From Andrew Ellicott

Lancaster Feby. 7th. 1802

Dear Sir

Your favour of the 29th. Ultimo has been duly received, and the proposition which it contains, I consider as one of the most honourable, and flattering incidents of my life; and was my own feelings, and inclination, alone concerned, I should not hesitate one moment in accepting the place you offer: but as there are some other considerations to be brought into view, and duly weighed, before I can give a definitive answer, I wish the subject to be suspended for a few days.—I should have replied to your favour immediately, but the multiplicity of business before the Board of Property, which is now sitting, and of which, (as Secretary of the Land office,) I have to do the duty of President, has prevented my paying immediate attention to other objects.

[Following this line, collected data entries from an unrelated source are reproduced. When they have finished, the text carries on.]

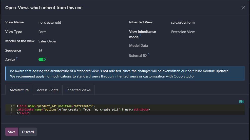 You can inherit the form view of the sales order and invoicing. Add the attribute ‘options’ to the field and make no_create_edit values True. eg: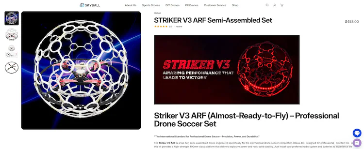 рдЗрдВрдбрд┐рдпрд╛ рдЯреБрдбреЗ рдиреЗ рдкрд╛рдпрд╛ рдХрд┐ рдпрд╣ рдкреНрд░реЛрдбрдХреНрдЯ skyballdrone.com рдкрд░ рдорд┐рд▓рдиреЗ рд╡рд╛рд▓реЗ рд╕реНрдЯреНрд░рд╛рдЗрдХрд░ V3 ARF рдкреНрд░реЛрдлреЗрд╢рдирд▓ рдбреНрд░реЛрди рд╕реЙрдХрд░ рд╕реЗрдЯ рдЬреИрд╕рд╛ рд╣реА рдерд╛. рдЗрд╕рдХреА рдХреАрдордд рд▓рдЧрднрдЧ $453 (Rs 40,800) рд╣реИ.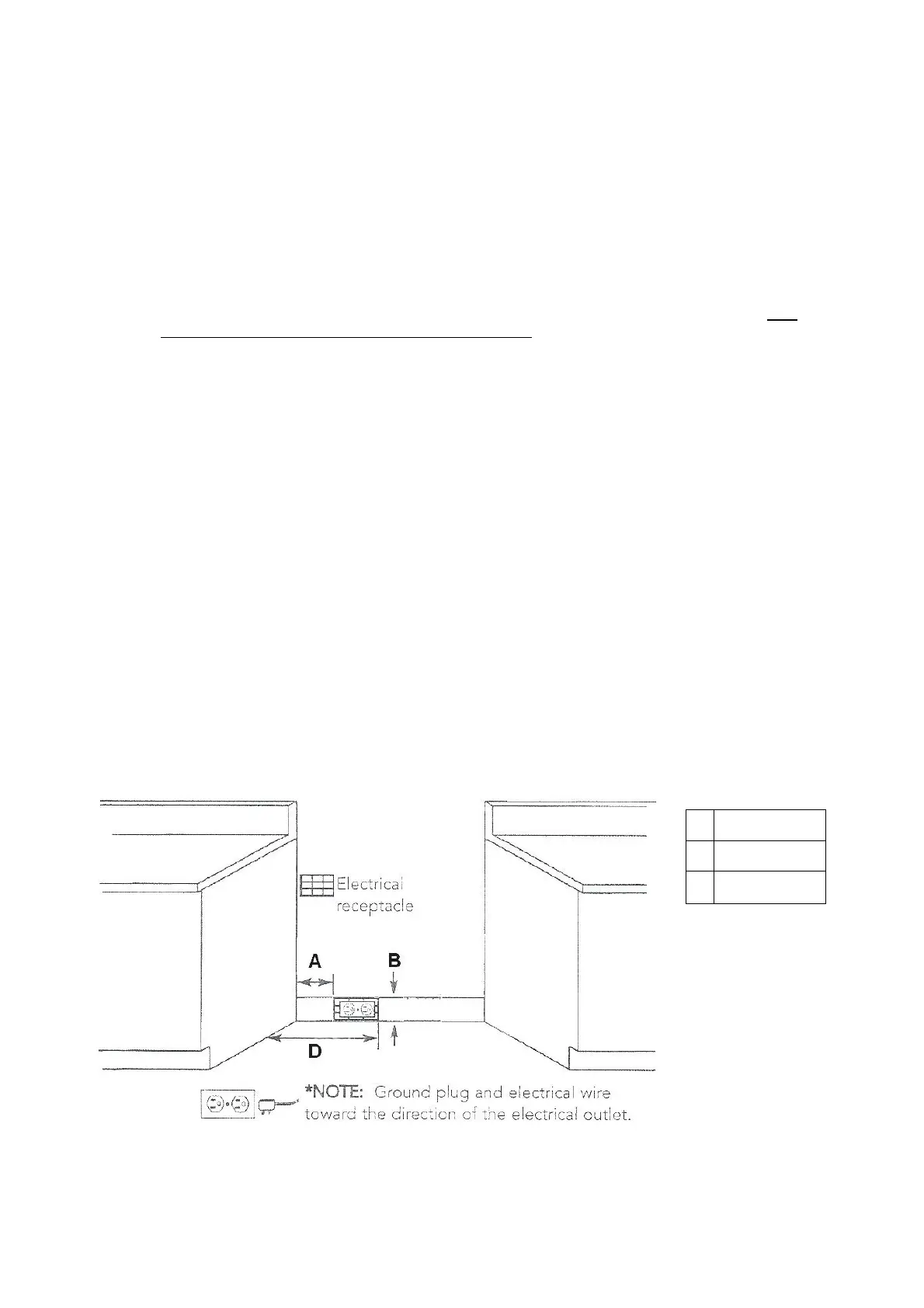 A properly-grounded horizontally- mounted electrical receptacle should be installed no higher than 3" (7.6 cm) above the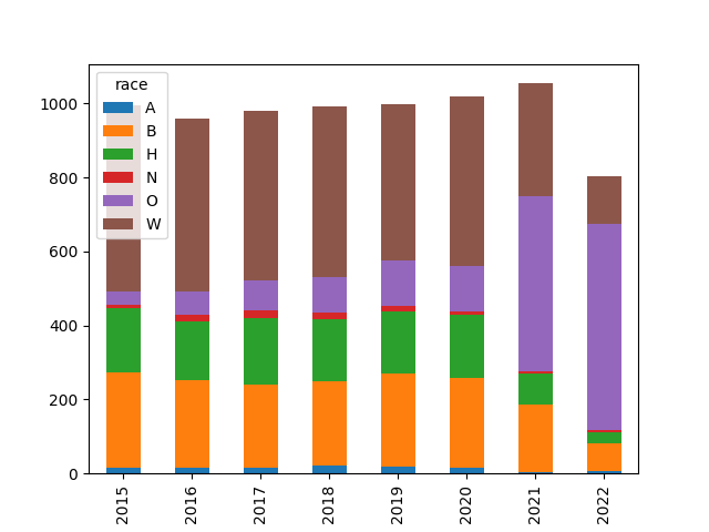2022 police shootings data is now all in. Data file location changed, its content too somewhat.. The increase of 'Other' category for 2021 was higher previously which I'd interpreted as they were simply not recording the race, fudging the numbers.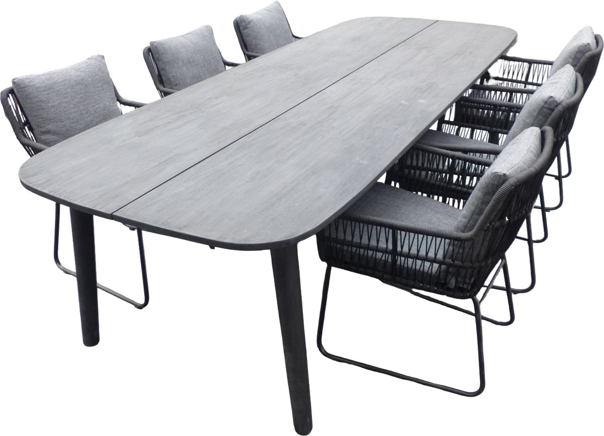 Set van Lennon tafel 280x110x76 cm charcoal en 6 Ran stoelen panther incl. kussens Yoi - Yoi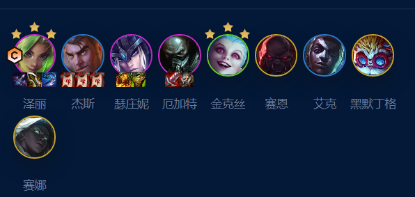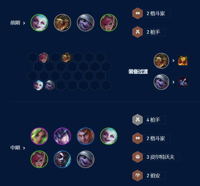 开局留枪手牌,可以用2枪手+2斗/2过渡。3-2升6人口,拿杰斯/艾克开3皮尔。祖安装备给金克斯。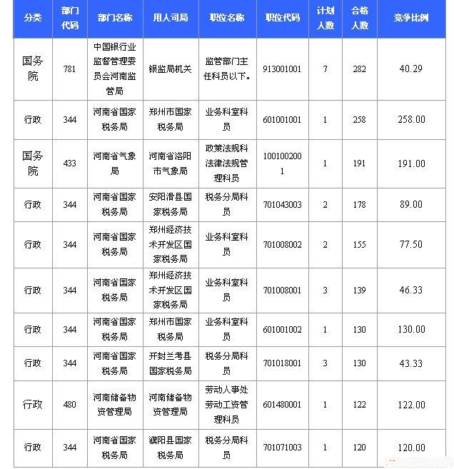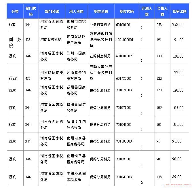 截止22日8時,招錄比例最高的職位河南省國家稅務局鄭州市國家書稅務局下業務科員一職,招錄1人,截止22日8時通過人數為258人。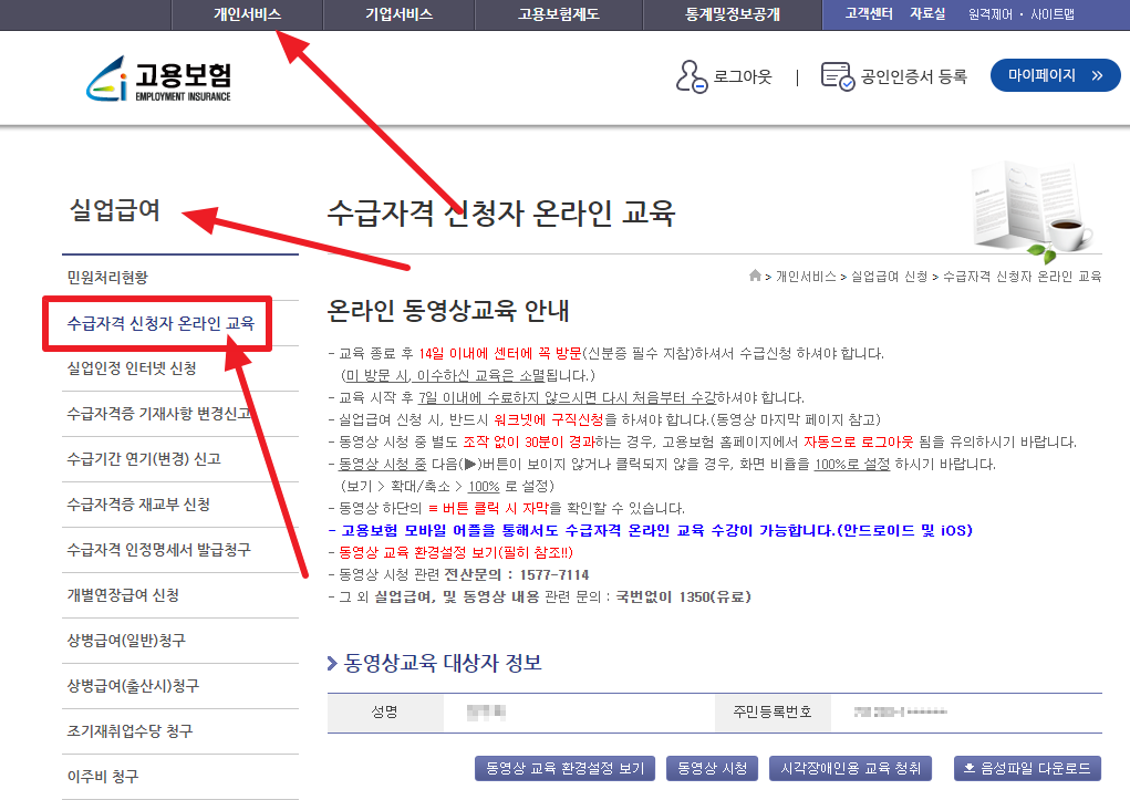 3. 수급자격 신청교육을 "고용보험홈페이지"에서 온라인으로 할 수 있습니다.(필수입니다.)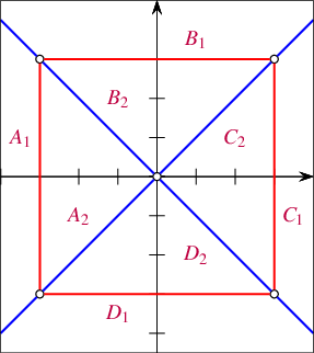 The next example, depicted in Figure 36.44, demonstrates the face overlay of two arrangements that have unbounded faces as well as bounded ones. The first arrangement (blue) is induced by the two lines \(y = x\) and \(y = -x\), which subdivide the plane into four unbounded faces, labeled \(A\), \(B\), \(C\) and \(D\). The second arrangement (red) comprises four line segments that form a square-shaped face indexed \(1\). The unbounded face is indexed 2. When the two arrangements are overlaid, each of the four faces \(A\), \(B\), \(C\) and \(D\) is split into an unbounded face (indexed 2) and a bounded face (indexed 1), so the faces of the resulting arrangement are labeled \(A_1, A_2, \ldots, D_1,
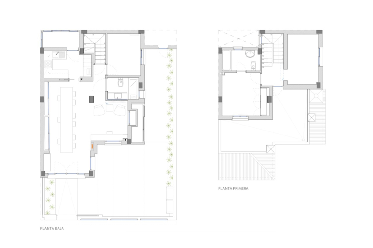 Entramos a la planta superior y encontramos dos dormitorios dobles y un baño con bañera. El dormitorio principal en la planta superior tiene baño en suite. En la planta superior encontramos una amplia terraza con vistas despejadas.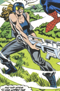 (Web of Spider-Man I#79) - While Peter Parker (the amazing Spider-Man) was taking a carriage ride through central park with his wife they were attacked by the Silver Squad. Peter jumped from the carriage and changed into Spider-Man, and as the Silver Squad threatened Mary Jane Spider-Man came to the rescue and attacked them He fought the Squad who continuously missed with their guns and hit trees, all the while trying to figure out who had sent them. Spider-Man used the Silver Squad's numbers against them, as they accidentally eliminated two of their own members, Purty Larry and Twit, when Spider-Man dodged their blasts, which would in turn hit each other. He then proceeded to destroy Slambeaux by throwing him into Purty Larry's body, which was still discharging electricity. Ripster, however, kept on attacking Spider-Man, who led her away from Central Park to avoid injury to Mary Jane. He proceeded to inadvertently lead Ripster into a crowded area of New York City, and was so busy trying to lead Ripster away from there, that he wasn't able to fight back against her. Eventually, they came face to face atop a tall building, and the two began to fight. Ripster proved to have been much more powerful than any of the other members of the Silver Squad, and as the two fought, neither was able to get any real advantage. Eventually Ripster hurled herself at Spider-Man, and the two were both thrown off the building and plummeted several stories to the concrete floor below. Spider-Man was knocked out cold and Ripster, though badly damaged, carried Spider-Man's unconscious body to the lair of Silvermane.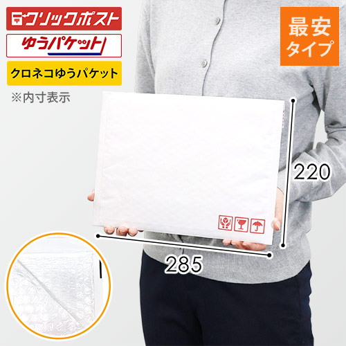業界最安級の価格を実現!ネコポス最大サイズでB5が入る大きさの白色クッション封筒(最安タイプ)。薄くやわらかな仕上がりで口を広げやすく、梱包作業性に優れています。通販発送に最適です。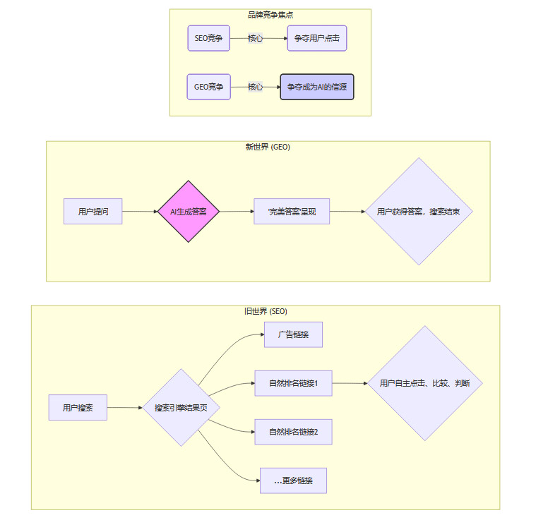 这就像过去商家在超市里争夺货架上最好的位置,而现在,他们争夺的是超市导购员(AI)脑子里的“首选推荐”。当导购员发自内心地告诉你“买这个牌子就对了”的时候,它的说服力远比货架上的任何一张广告海报都强大。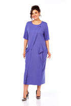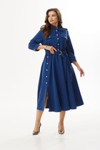 Платье женское, предназначено для повседневной носки. Платье женское, полу прилегающего силуэта, длиной за колено. Перед отрезной, ниже линии талии на 6 см; верхняя часть переда с 2-мя нагрудными выточками и средним швом, нижняя часть с отрезным бочком, шов соединения ею с передом, заканчивается шлицей, фиксирующейся на 3-и обмётанные петли и 3-и пришивные пуговицы; шов соединения часть переда декорирован 2-мя клапанами с закруглёнными концами закреплены на перед пришивными пуговицами. Спинка отрезная ниже линии талии на 6 см; верхняя часть с 2-мя таллиевыми вытачками и средним швом, нижняя часть с 2-мя таллиевыми выточками. Горловина с фигурным вырезом, обтачная без воротника. Платье со спущенным плечом. Рукам втачной, одно шовный, длиной за локоть. Платье без плечевых накладок. Длина спинки 105 см. Длина рукава+плечо 48 см.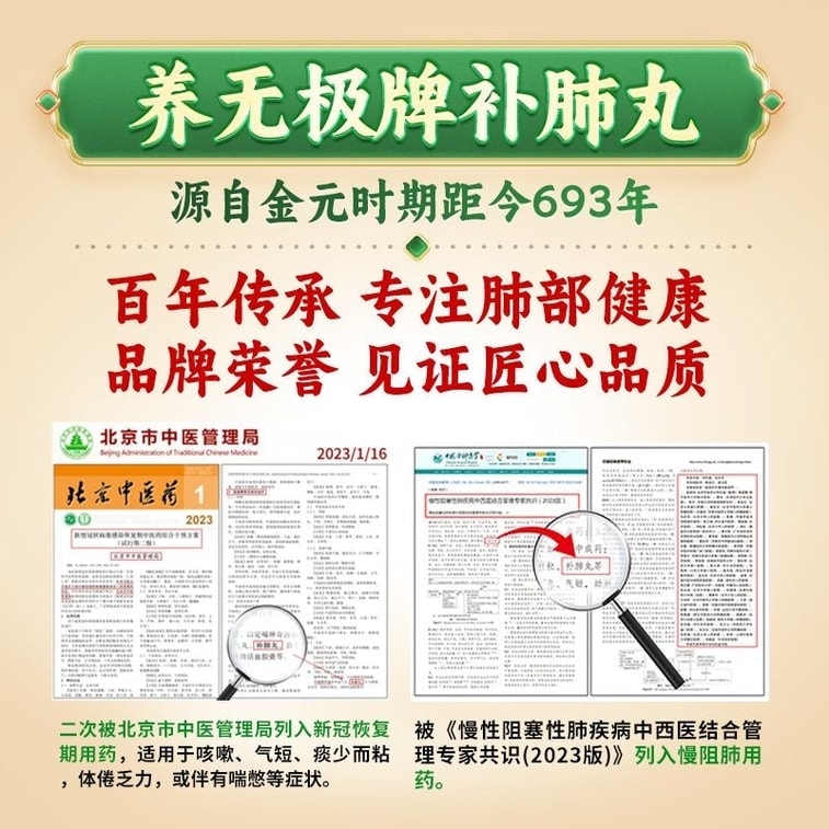 【中国直送】養肺滋養丸:肺を養い、気力を補い、咳や喘息を鎮めます。息切れ、喘鳴、弱い咳、痰の絡む空咳、肺気不足による喉や舌の乾燥などに用いられます。40錠/箱

I have enclosed an extract from M. Depuis’s Memoire on the origin of the constellations &c. which I suspect you must have seen before this, but if not, I presume it will be considered as a curiosity,—Your understanding the language in which it is written, so much better than myself, has rendered an attempt to translating it unnecessary.—

I am sir with the greatest respect, and esteem, your sincere friend, and Hbl. Servt.

Andw; Ellicott

RC (DLC); at foot of text: “Thos. Jefferson President U.S.”; endorsed by TJ as received 11 Feb. and so recorded in SJL. Enclosure: Extract from Charles François Dupuis’s Mémoire sur l’origine des constellations, stating that according to Charles Marie de La Condamine, the name given to the constellation Taurus by the people of the Amazon is “Ox Jaw,” and according to Joseph François Lafitau, the Iroquois Indians call the constellation Ursa Major the female bear; Dupuis arguing that since the two groups of stars do not actually resemble the animals they are named for, the similarities in the names of those constellations is evidence of communication between the hemispheres in ancient times (MS in DLC: TJ Papers, 120:20781; in Ellicott’s hand; in French).

Dupuis’s Mémoire sur l’origine des constellations et sur l’explication de la fable, par le moyen de l’astronomie appeared in the fourth volume of Joseph Jérôme Le Français de Lalande’s Astronomie, a book that TJ owned and recommended to others. The volume appeared in 1781, and the Mémoire was also published separately that year (Sowerby, description begins E. Millicent Sowerby, comp., Catalogue of the Library of Thomas Jefferson, Washington, D.C., 1952–59, 5 vols. description ends No. 3796; Vol. 25:490; Vol. 32:180).